Christine Dysers holds a PhD in Music from City, University of London and will be joining the Music Department at Princeton University as a Fulbright Visiting Scholar in 2021. Christine’s research is situated at the intersection between musicology, aesthetic theory, and music analysis. Her work focuses on 20th- and 21st-century music, with special interests in contemporary composition and the aesthetics of musical repetition.

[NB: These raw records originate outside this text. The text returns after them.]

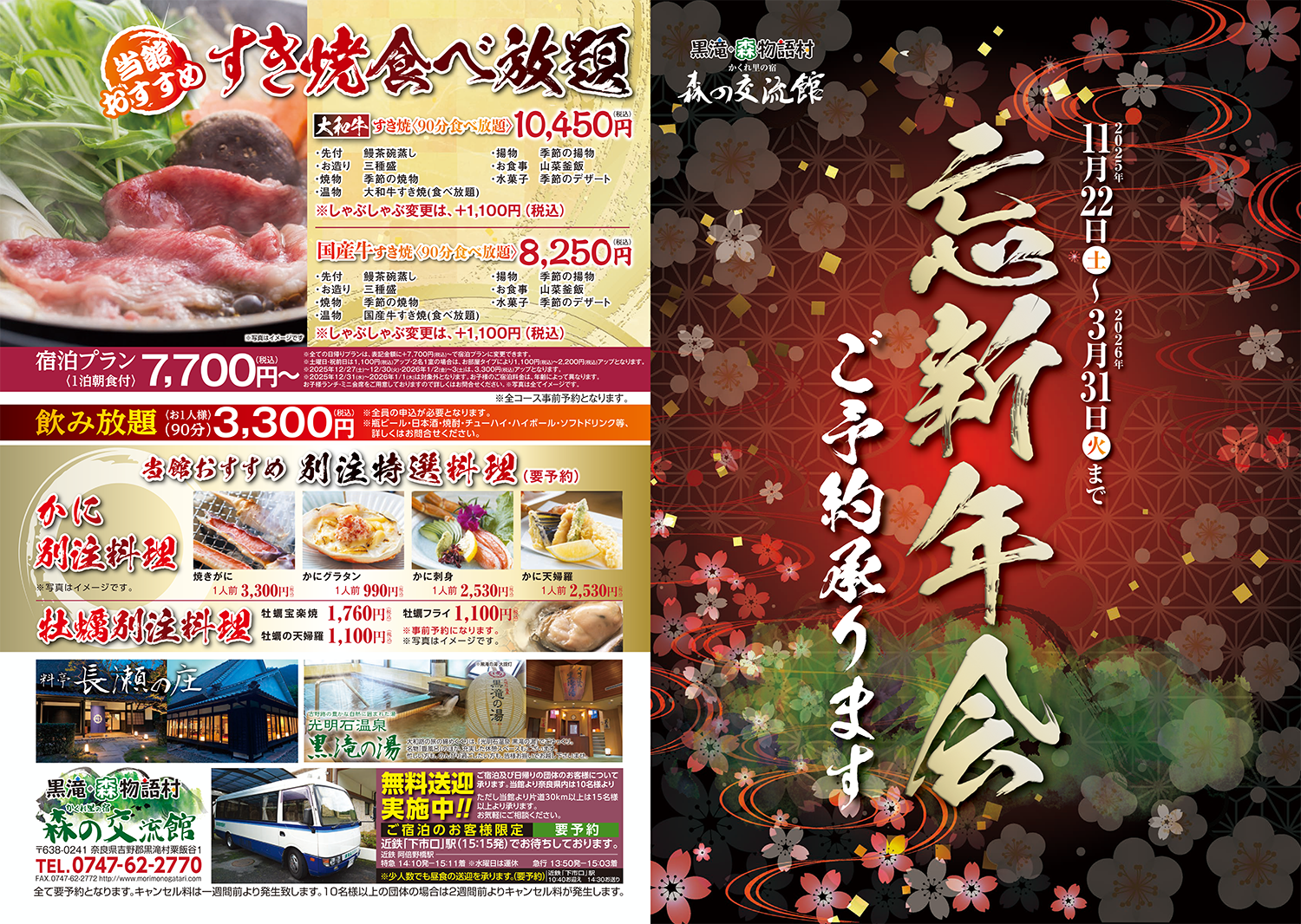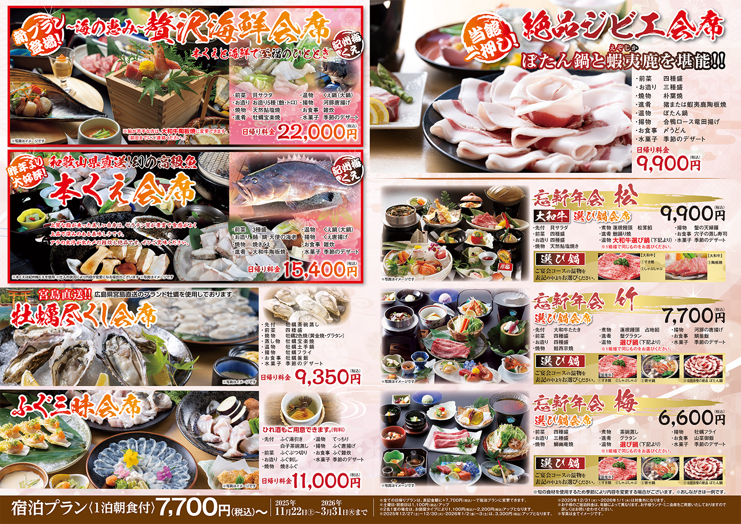 当館では、忘年会・新年会に合わせたプランをご用意しましたので、ぜひご検討くださいませ・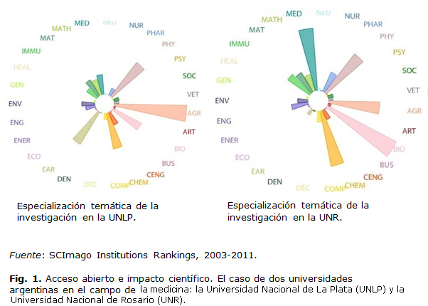 En un estudio más exhaustivo y que incluyó cuatro campos temáticos, se analizaron los artículos de autoría de investigadores argentinos publicados en revistas indizadas en SCOPUS en el período 2008-2010. Las autoras encontraron que Argentina tiene un gran potencial para liberar un importante porcentaje de su producción en acceso abierto: el 27 % por la vía dorada y el 43 % por la vía verde. No obstante, observaron diferencias entre campos temáticos. En Ciencias Sociales y Humanidades, el 35 % de las revistas elegidas para publicar eran de acceso abierto y un porcentaje similar pertenecía al grupo de acceso restringido que permite autoarchivo. En los otros tres campos temáticos estudiados, sin embargo, encontraron una mayor preferencia por la publicación en revistas con permisos de autoarchivo: en Física y Astronomía (48,5 % vs. 8 % respectivamente); en Medicina (47,3 % vs. 20 %), y en Agricultura y Ciencias Biológicas (38,5 % vs. 17,1 %).19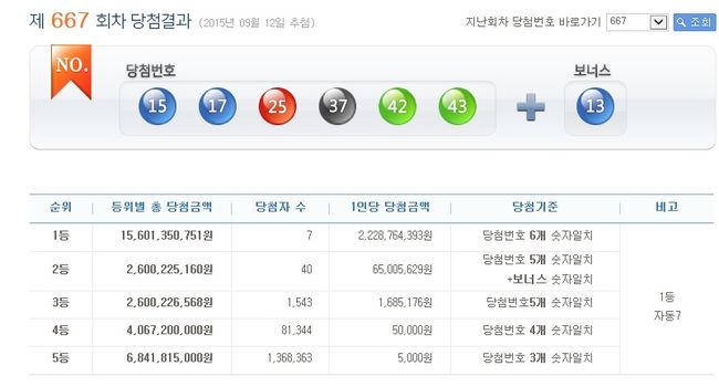 667회 로또당첨번호./ 나눔로또 홈페이지 캡처.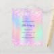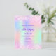 A girly and feminine Sweet 16 party invitation. On front: A rainbow, holographic coloured background in purple, pink, mint green. Decorated with blush pink confetti. Personalise and add a name and party details. The name is written with a hand lettered style script, purple coloured letters.

For centuries, Flanders has been an international hub of musical creativity. From the late Middle Ages to the early seventeenth century, the whole of Europe had its eyes (and ears) on the musical innovations of the so-called ‘Flemish polyfonists’ – a group of highly trained composers and performers from the Low Countries, who travelled all across the continent to introduce their audiences to the newest musical trends. While it may seem as though this creative upsurge dissipated into more global trends during the seventeenth and eighteenth centuries, researchers from across the world are currently rediscovering archives full of Flemish music spanning from the early Baroque period to late romanticism. Modernity brought us innovators such as Karel Goeyvaerts and Lucien Goethals, who once again emphasised Flanders as a fertile ground for musical creativity. Today, Flanders takes up an undeniably central role in the international field of new music creation, combining a well-established concert and festival circuit with an exciting young generation of performers and composers.